Live album by Grateful Dead
- Released: July 25, 2025
- Recorded: October 28, 1990
- Venue: Le Zénith
- Genre: Rock
- Length: 222:26
- Label: Rhino
- Producer: Grateful Dead

Grateful Dead chronology
| Gratest Hits (2025) | Dave's Picks Volume 55 (2025) | Blues for Allah: The Angel's Share (2025) |

= Dave's Picks Volume 55 =

Live album by the rock band Grateful Dead

Dave's Picks Volume 55 is a three-CD live album by the rock band the Grateful Dead. It contains a recording of the complete concert performed on October 28, 1990, at Le Zénith in Paris, France. It also includes bonus songs recorded at a concert two nights later at Wembley Arena in London, England.
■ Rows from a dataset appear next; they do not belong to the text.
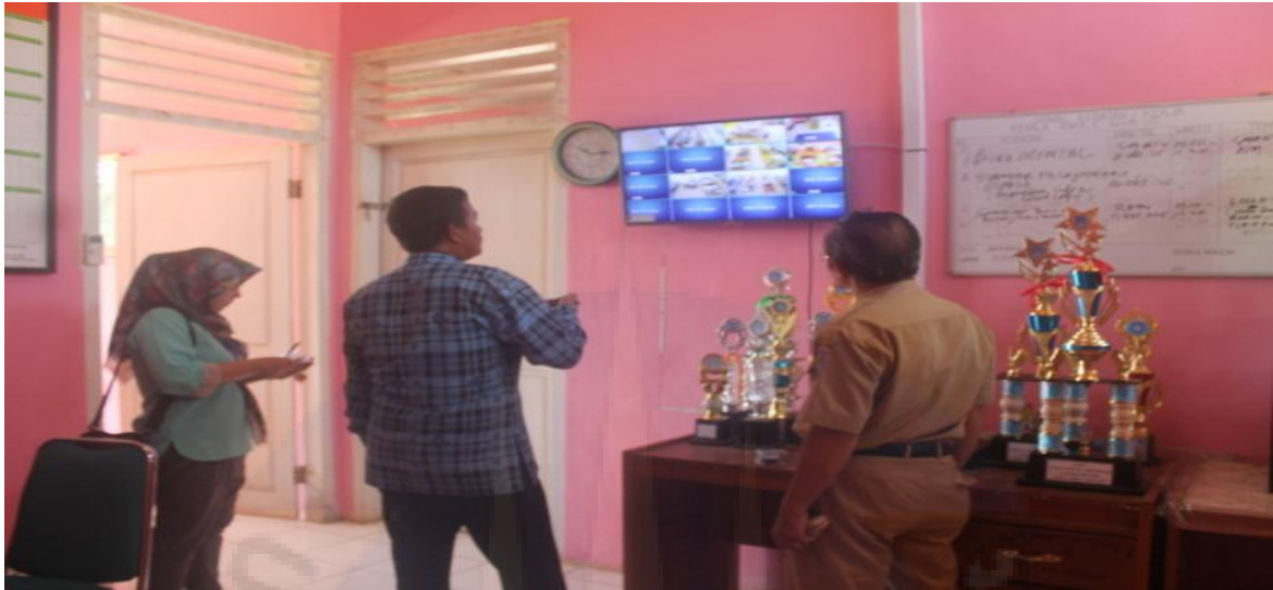
Gambar 1. Foto peneliti di ruang kontrol pengawasan kepala sekolah
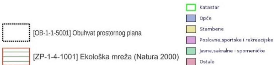
Kartografski prikaz 3.1. Posebne vrijednosti
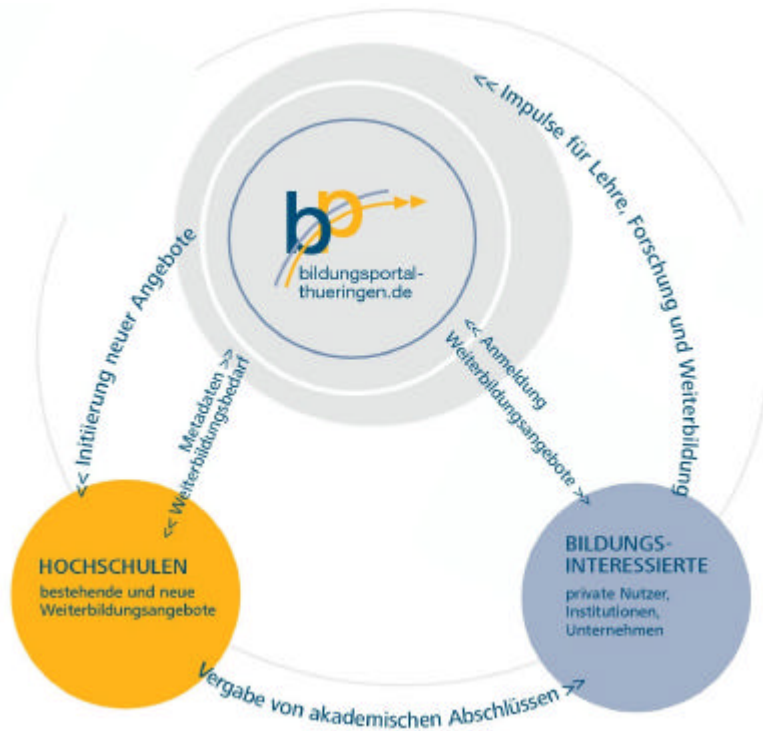
Abbildung 1: Vermittlerfunktion des Bildungsportals Thüringen

Um den Nutzern eine schnelle effiziente Suche gemäß ihren Interessen zu ermöglichen, müssen die Bildungsinhalte in den Metadatenstrukturen sachgerecht dargestellt werden. Hierin liegt die eigentliche Herausforderung für das Projekt. Neben dem Nutzer wird auch dem Anbieter von Lehrinhalten durch eine schnelle, zielgenaue Suche eine hohe Transparenz über vorhandene aktuelle Angebote ermöglicht. Eine Initiierung neuer Angebote bezüglich einer definierten Nachfrage wird angestrebt. Das Projekt ermöglicht somit eine Kompetenzbündelung für den Hochschulstandort Thüringen. Abbildung 1 verdeutlicht diesen Ansatz und zeigt die Vermittlerrolle des Bildungsportals Thüringen.
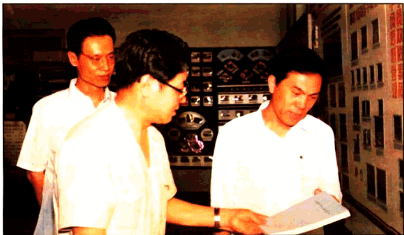
原共青团中央第一书记、全国政协副主席、中央统战部部长王兆国（左二）、原团中央第一书记、国家人事部部长宋德福（左一）与陕西青年管理干部学院院长郝玉琦（左三）谈教材建设。
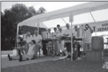
Op post in Nijmegen: leuk!
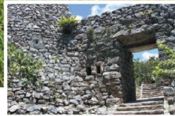
Heiro-mon Gate, the main gate of Nakijin Castle. There are observation windows (hollows) for viewing the exterior on both sides of the gate. 나키진성의 정문 '헤이로 문'. 양쪽에 외부의 땅을 보는데 사용된 창문(틈새)이 있습니다
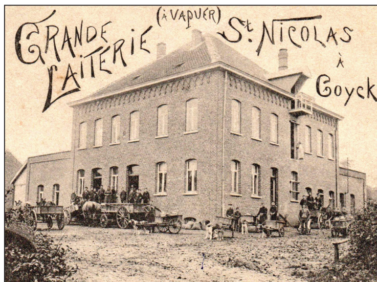
De oude melkerij in de Koekoekstraat in Gooik, nu een appartementsgebouw. Paarden én honden dienen als werkkrachten.
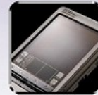
タッチパネル端末の アイコンシート・画面保護 Display protection for touch panel display
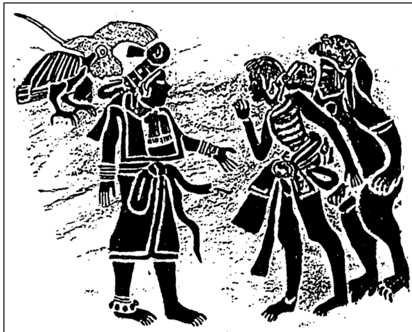
Figura 4 Monumento 19, Bilbao
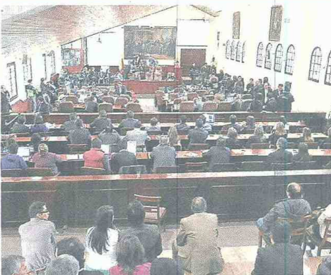
Concejo decidirá si Armella asume temporalmente el cargo. ADN
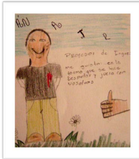
Figura 2. Dibujo de participante de quinto de primaria. DB12-5PR.

La figura 2 permite ilustrar otro aspecto señalado en esta primera categoría emergente, como lo son las características positivas (conocidas como cualidades) y las negativas (llamadas defectos). En el dibujo el actor incluye un texto que refuerza con el dibujo de una mano con el pulgar hacia arriba en signo de agrado o aceptación, el texto indica:

It was released on July 25, 2025, in a limited edition of 25,000 copies.

In October and November 1990 the Grateful Dead performed an 11-concert European tour, with shows in Sweden, Germany, France, and England.

From September 1990 to March 1992, the lineup of the band included two keyboardists – Vince Welnick and Bruce Hornsby. Volume 55 is the first in the Dave's Picks series to feature Welnick and Hornsby.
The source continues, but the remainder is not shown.